Over 100 of the scheme users have been given APNs (Accelerated Payment Notices) which require them to pay  huge sums of money which HMRC say is income tax but which hasn’t yet been proved to be income tax in each individual case.

I was instructed to draft pleadings challenging the giving of these APNS and, among other points, pleaded that HMRC had given them unlawfully because the conditions for giving them as set out in s219(2) – (4) (Conditions A – B) of the Finance Act 2014 were not fulfilled – HMRC had misinterpreted its own statutory powers.

I say HMRC’s “own” because they will have drafted this provision in the FA 2014.

Today I’ve been sent a copy of a letter sent to a client within this group which withdraws his APN – because Condition C is not fulfilled. That’s fantastic and I’m extremely pleased that he doesn’t now have to fund the Exchequer before he has been found liable to do so.

However, I am astounded by three things:

 

  1. Condition C is the requirement that the scheme used is or was a DOTAS scheme – that is one which was required to be notified to HMRC under anti-avoidance provisions. The scheme used by my client wasn’t a DOTAS scheme.
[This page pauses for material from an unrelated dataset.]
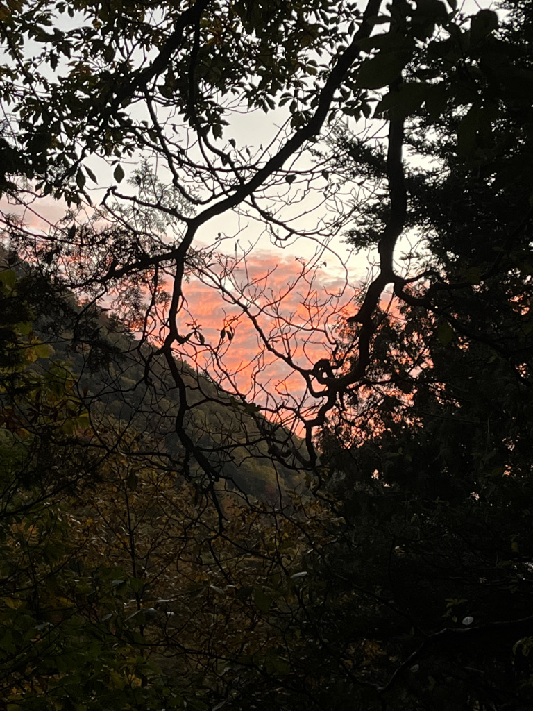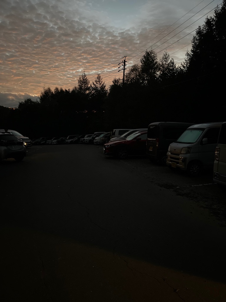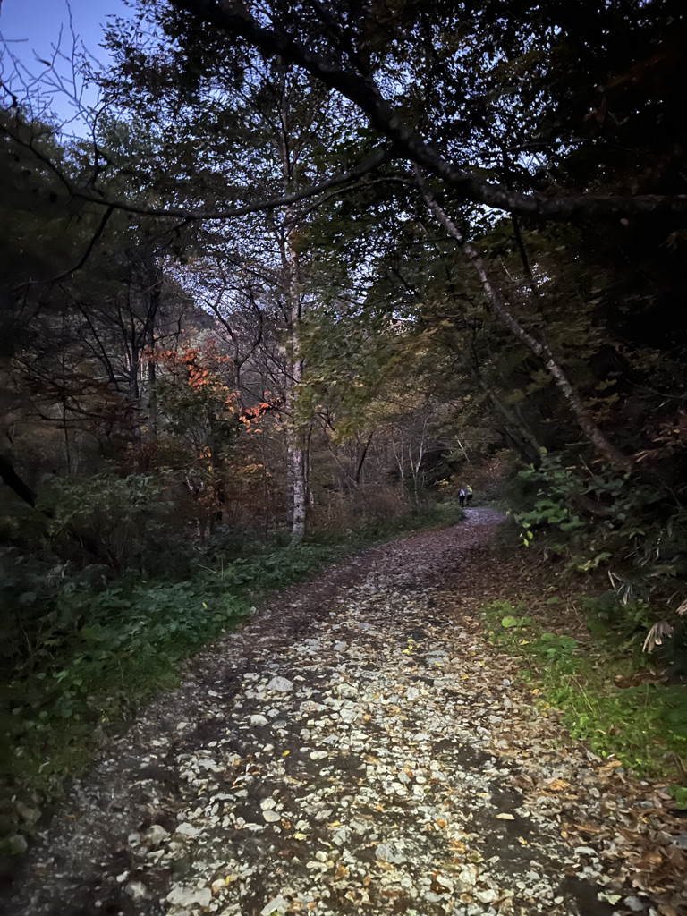 10月16日の早朝3時、三股登山口の第一駐車場に車を停めた。すでに8割方埋まっていたが、何とかスペースを確保できた。登山を開始したのは午前5時半、ヘッドライトを点けてのスタートだった。最初は樹林帯をひたすら登る急坂が続く。ここで早くも心が折れそうになったが、木々の間から蝶ヶ岳や稜線が見え始めると、少しずつ気分が持ち直してきた。

It was registered by the promoter under protest following pressure from the then IR. It is incumbent upon HMRC to ensure they are exercising their powers lawfully, however, they didn’t review the scheme before issuing the APN. Consequently my client has incurred substantial fees in seeking to set it aside and absent a finding in his favour in the complaint he is about to lodge, he will not recover those fees other than by further costly litigation.
  2. In their letter withdrawing the APN, HMRC claim Conditions A – C are in the alternative, that is that they may give an APN if either A, B or C is satisfied. This is just wrong. An APN (or its partnership equivalent) can only  be issued if all three conditions are met. There is no “or” between the sub-sections. If either A, B or C in not satisfied the APN given is unlawful – simples.
  3. Further, the Officer delivering the good news has totally misrepresented the state of play in the similar cases that have been before the courts and tribunals. He correctly highlights where HMRC has been successful but fails to balance that with the fact that the UTT found that EU law on free movement of capital might be arguable in similar cases and the fact that there is one case currently seeking permission to appeal to the UTT because, among other reasons, the tax payer wasn’t permitted to raise EU law arguments in his appeal at first instance.

That HMRC Officers and presumably it Solicitor’s Office are unable to properly construe a primary taxing statute which gives such draconian power to the State and again which there is no right of appeal to an independent court or tribunal goes beyond worrying me – it frightens me.

That they are using scare tactics including severe spin on decided cases is just nasty.

If you receive an APN or a PPN, please, please read it carefully and utilise your right of challenge under s22 FA 2014 if you have any doubt that it is properly issued.

For those of you banging the current “morality” drum on tax mitigation, please remember the rule of law – there is nothing inherently wrong, immoral or otherwise unlawful in mitigating one’s tax liability.